Peace, love, and joy.

Diana Joy


Do you think this pretty creature doubts herself? Of course not. She is a deer. All she has to do is be a deer. She knows what deer do, and she does it. I am a writer. I know what writers do. Sometimes I just can't do it. Why? Because I am the worst writer in the world. Every word I put to page is garbage and I am a completely unworthy human being. Do you feel this way sometimes too? For the past few days I have been trying to shake a negativity that came upon me from I don't know where. I just know that it is hindering my ability to function in all areas of my life; sucking the joy out of me. This morning I forced myself to my desk and miserably made myself start the work of dealing with writerly business; email, neglected industry reading, research. Next thing I knew I was writing haiku and slowly starting to feel better. In conversation with my kind, smart, loving, man, earlier this week I realized that writing is not my passion, it is part of my life process. If I don't do it, I am not me. So even if every word I put to page is garbage, I still need to do it. To let it out to have its own life so I can live mine.

Diana Joy


Here in the pine forest the outdoor activity is transitioning from shoveling snow to raking pine needles.

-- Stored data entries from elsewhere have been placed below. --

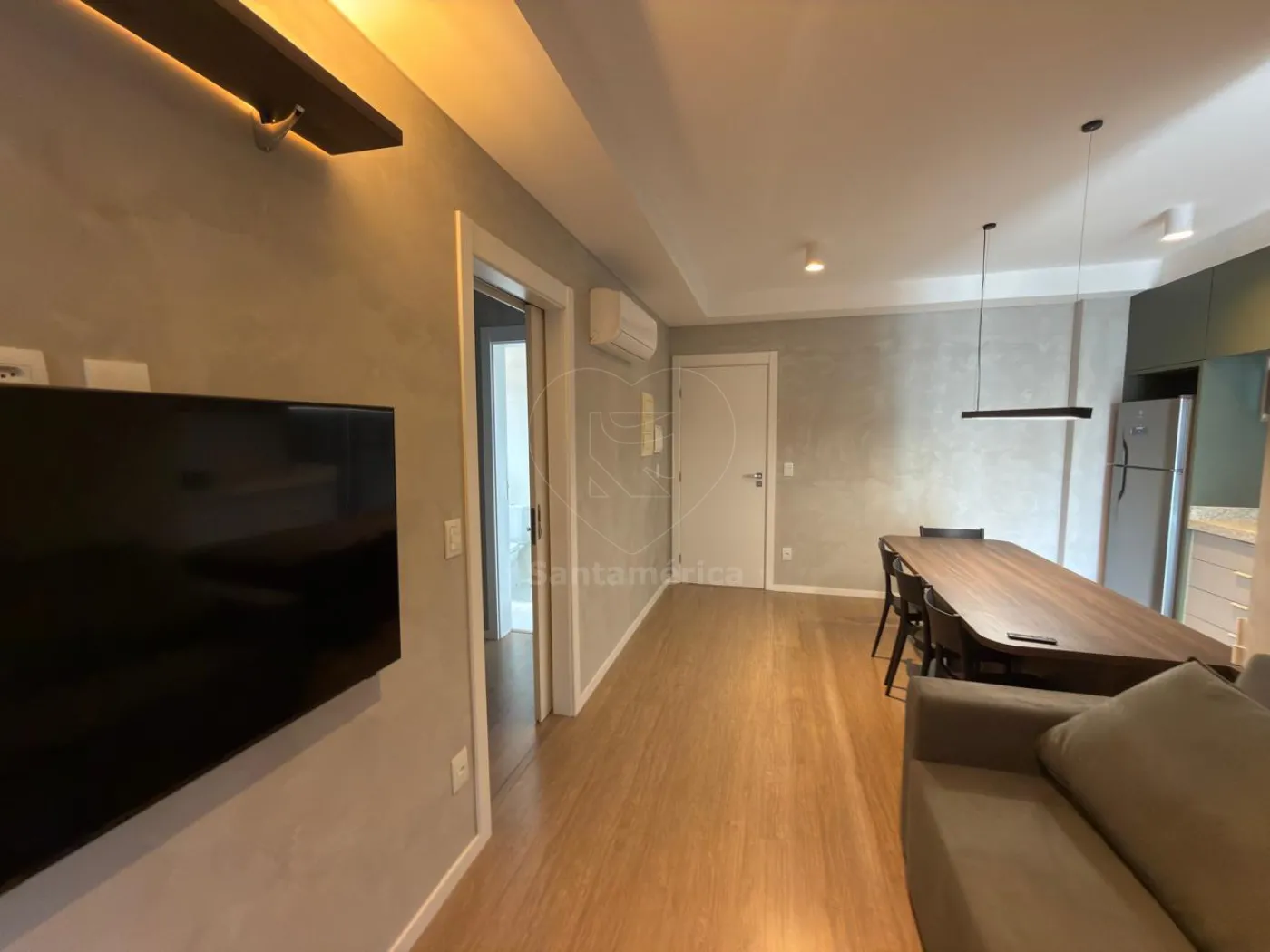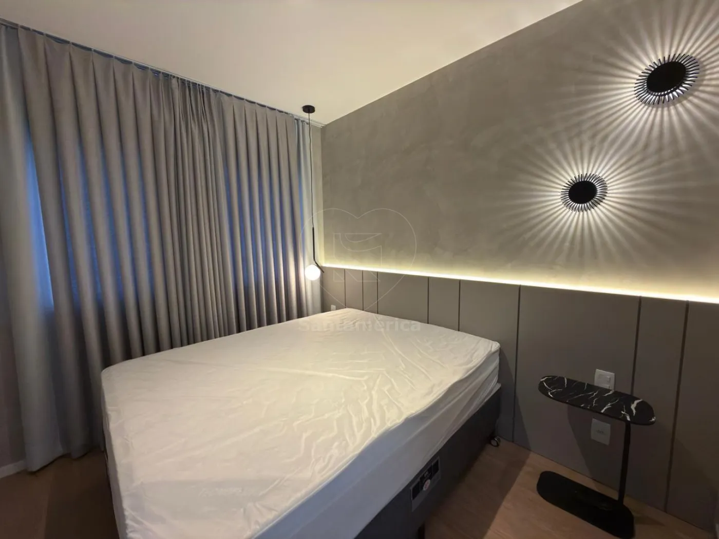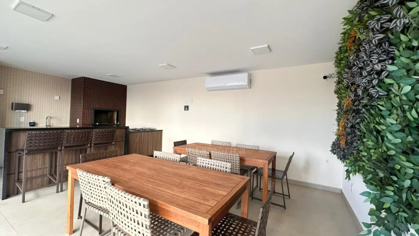 Totalmente mobiliado e pronto para morar, possui geladeira, micro-ondas e depurador de ar na cozinha, mesa, sofá e televisão na sala, 2 aparelhos de ar condicionado (quarto e sala), cama confortável e ambientes climatizados, banheiro social e 1 vaga de garagem privativa.
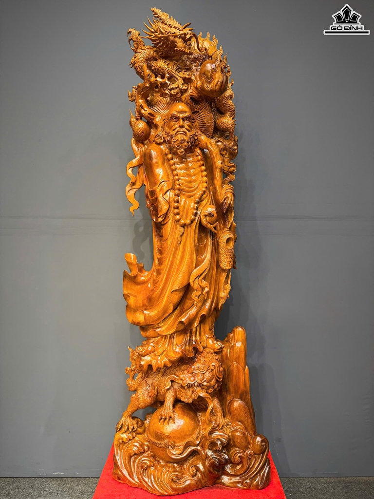 Tượng Đạt Ma Hàng Long Phục Nghê Gỗ Ngọc Am Cao Cả Kỷ 220 Ngang 72 Sâu 40 (cm) - Kỷ Cao 30 (cm)
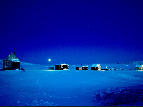 我们的船长来自德国,在格陵兰岛整整呆了25个年头。如果不是对这个冰天雪地的地方有着特殊的爱,谁又能耐得住这份天寒地冻的寂寞呢?在这里的25年,他亲眼见证了气候变化对冰川、对因纽特人生活的影响。船长展开一张地图给大家看,跟150年前相比,附近的冰川已经退后了几十公里,而近几年,冰川后退速度正在加快。我们就这样一边听他讲述,一边向峡湾深处行驶。在一片他认为比较安全的海面上,船长关掉了马达。没有了马达的喧闹,周围忽然安静下来,巨大的冰山在阳光下闪烁着冷艳的光芒。就在每个人都沉醉于这份安宁时,耳边忽然传来巨大的声响,顺着船长手指的方向,我看到一块巨大的浮冰迸裂,轰然掉下的冰块溅起巨大的水浪,飞起的细碎浪花在阳光下闪闪发光。这时,船长把自制的渔网撒入海上,不一会儿,他忽然激动地大喊:“伙计们,我捞到一条大鱼!”等他提起渔网,我才发现原来是一条酷似鱼形的冰块,它晶莹剔透、惟妙惟肖。

The interlude between these activities involves a lot of melt and mud. And so I greet the Vernal Equinox with huge enthusiasm, a light heart, rising energy in my body, and a mop. It may not be the same for you. The equinox might be taking you from Summer to Fall instead of Winter to Spring. You might live somewhere where the seasons are barely discernible. This is my first Spring here in the pine forest just outside of Princeton, BC, Canada. It is a much larger seasonal transition than in my previous location on the coast, where the crocus, daffodils and tulips are already in bloom. There is much change afoot, but one thing remains the same--the need to write. Work, work, work. You have a story, so tell it.